Here are 12 things about event sourcing that should help you to get started today.

1. An event is something that has happened in the past

An event is a fact that happened in the past.

Events indicate that something within the domain has changed. They contain all the information that is needed to transform the state of the domain from one version to the next.

Events make the concept of side effects explicit. In an event sourced system, a state change is no longer an implicit result of performed operation. Instead the state change is explicitly defined and expressed in the domain language.

Here are some simplified example events for an accounting system:

sealed trait Event
final case class OnlineAccountCreated(accountId: UUID) extends Event
final case class DepositMade(accountId: UUID, depositAmount: BigDecimal) extends Event
final case class MoneyWithdrawn(accountId: UUID, withdrawalAmount: BigDecimal) extends Event

Events vs.

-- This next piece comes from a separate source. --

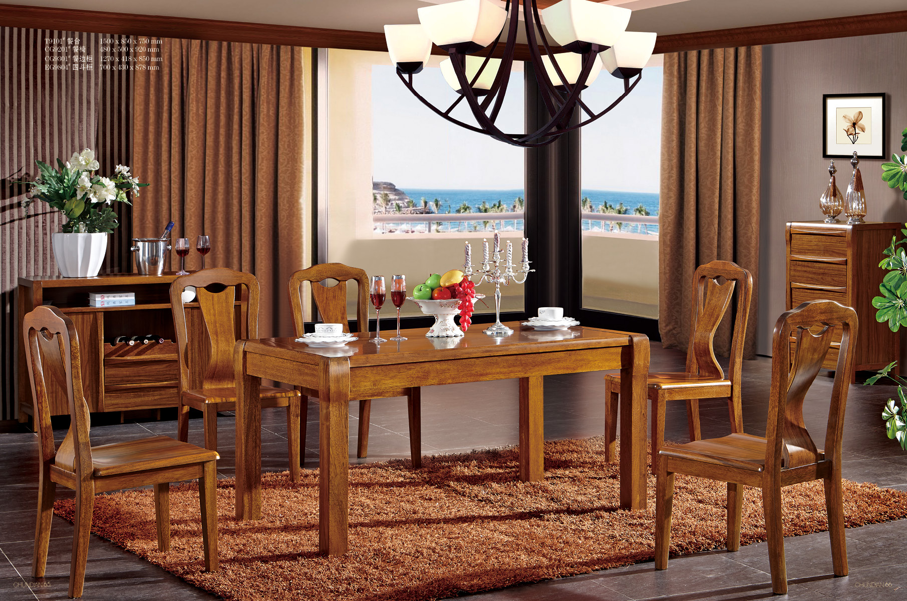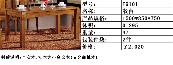 商品名称:纯典 中式风格 北美进口胡桃木(全实木)长方形 餐台
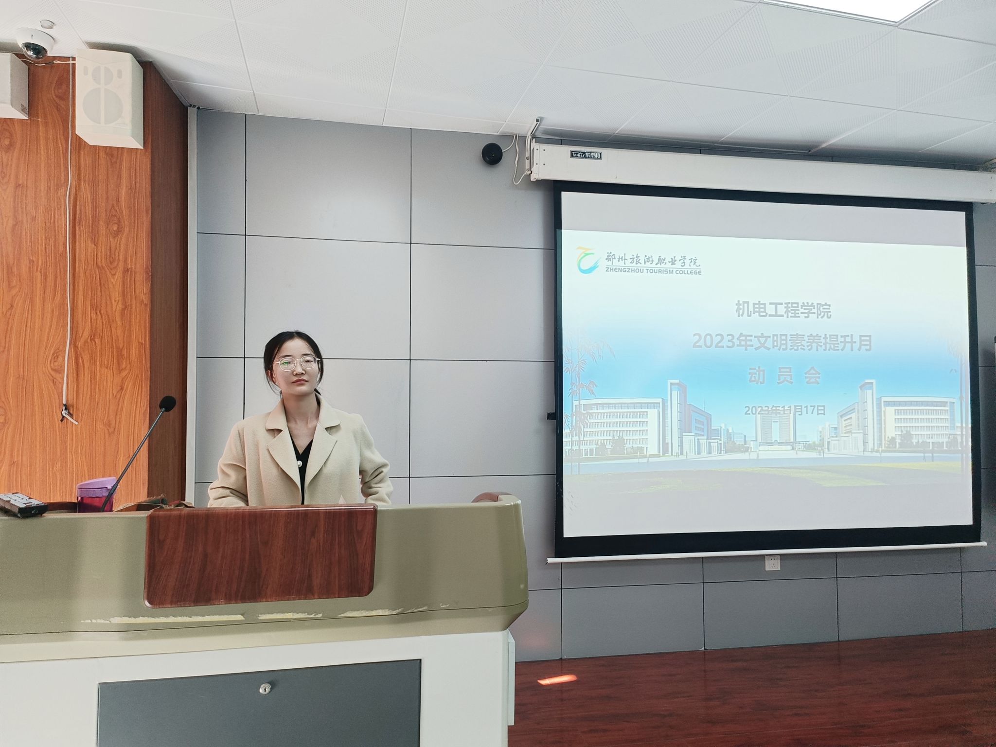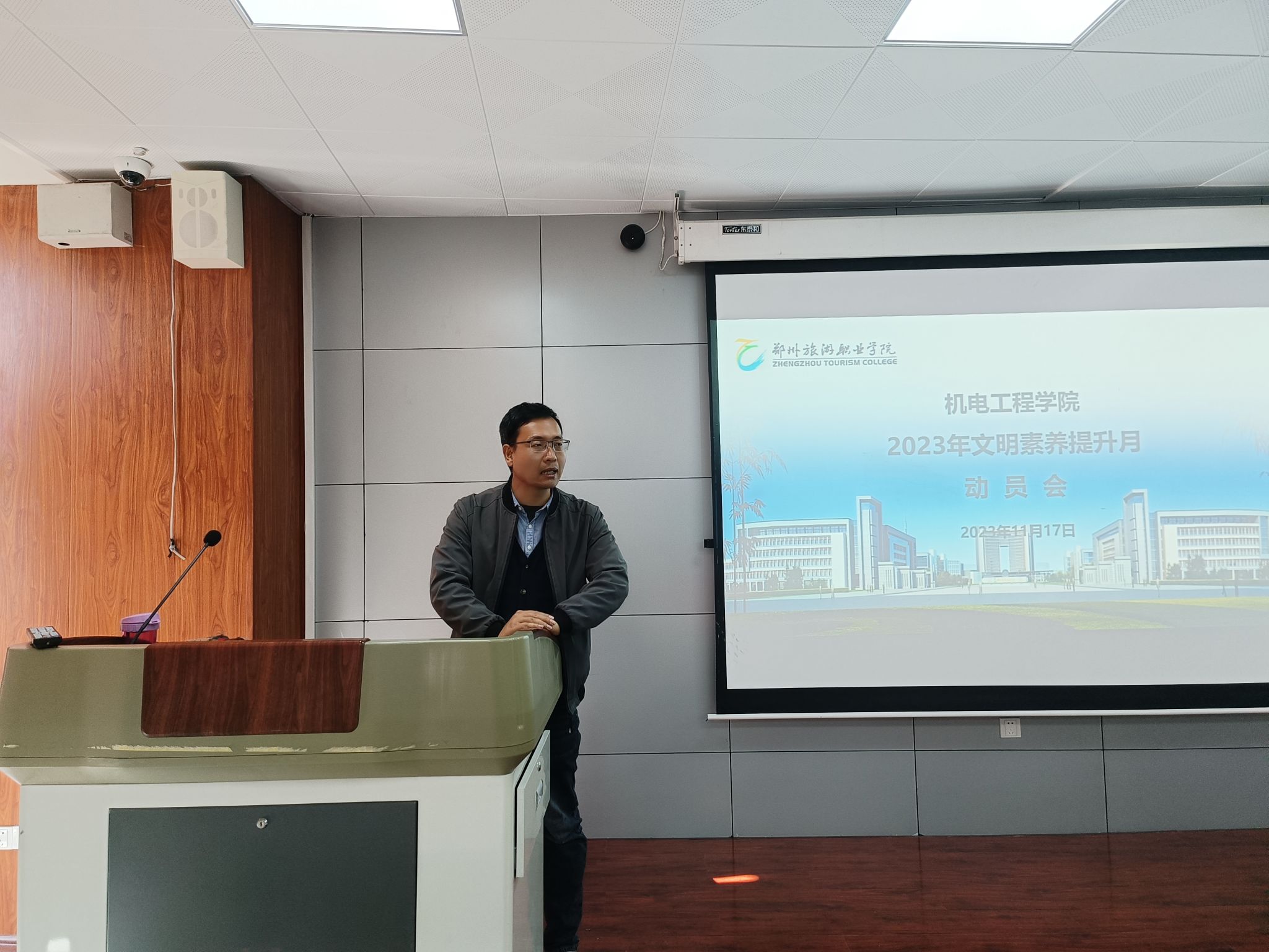 为了进一步加强和提升我院学生日常管理和思想教育工作,创建文明和谐校园,促进学生成长成才,让学生从自身做起,从规范行为着手,达到习惯成自然,自然成文化的目标,成长为新时代的好青年。机电工程学院于11月17日下午在1A313教室开展大学生文明素养提升月动员会,会议由郭沙沙老师和马彦峰老师主持召开,22、23级全体班长和团支书参与。

Commands

Commands on the other hand have the intent of asking the system to perform an operation. Commands are represented in the imperative mood (e.g. CreateOnlineAccount) and can be rejected by the application.

2. An event should be presented as a verb in past tense

State transitions are an important part of the domain. Therefore they are explicitly recorded as events and should be named according to the ubiquitous language.

Because events are facts that have happened in the past, they should be presented as verbs in past tense.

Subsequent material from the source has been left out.